Adducts of NF 2+ with diatomic and simple polyatomic ligands: a computational investigation on the structure, stability, and thermochemistry

Abstract

The structure, stability, and thermochemistry of all the gaseous NF 2 +(L) adducts which have been experimentally investigated to date by mass spectrometric techniques, including L=HF, HCl, H 2O, CO, CO 2, N 2O, and NF 3, have been computationally studied by high-level of theory ab initio and DFT calculations. The investigation has been also extended to the still unexplored adducts of NF 2 + with H 2S, NH 3, and PH 3. The geometries of all the investigated species have been optimised at the B3LYP/6-31G(d) level of theory, and accurate total energies have been obtained using the G2MS procedure. It has been possible to build up a theoretical scale of difluoronitrenium ion affinity (DFNA) and difluoronitrenium ion basicity (DFNB), defined here as the minus enthalpy and free energy changes, respectively, of the association of NF 2 + to L with formation of the NF 2 +(L) adduct.

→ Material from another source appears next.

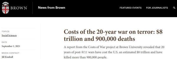 美国布朗大学(Brown University)的战争成本项目(Costs of War Project)当地时间9月1日发布的一份报告称,“9·11”事件后长达20年的战争已经使美国损失了大约8万亿美元,导致约90多万人丧生。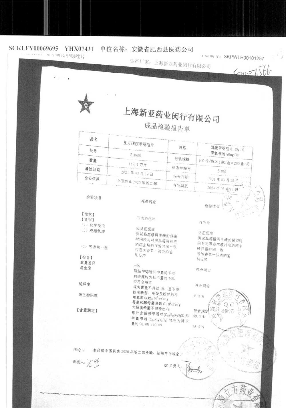 复方磺胺甲噁唑片 | 100片 | 210401 | 查看详情 |

The calculated values (kcal mol −1) of DFNA, 10.1 (L=HF), 10.7 (L=CO 2), 17.0 kcal mol −1 (L=NF 3), 17.5 (L=N 2O), 20.7 (L=HCl), 25.0 (L=CO), 33.1 (L=H 2O), 57.6 (L=H 2S), 78.0 (L=NH 3), and 84.7 (L=PH 3), demonstrate the occurrence of periodic trends in the stability of the NF 2 +(L) adducts. In addition, reasonably good correlations have been found between the DFNA and the proton affinity (PA) and the DFNB and the gas-phase basicity (GB) of the presently investigated ligands.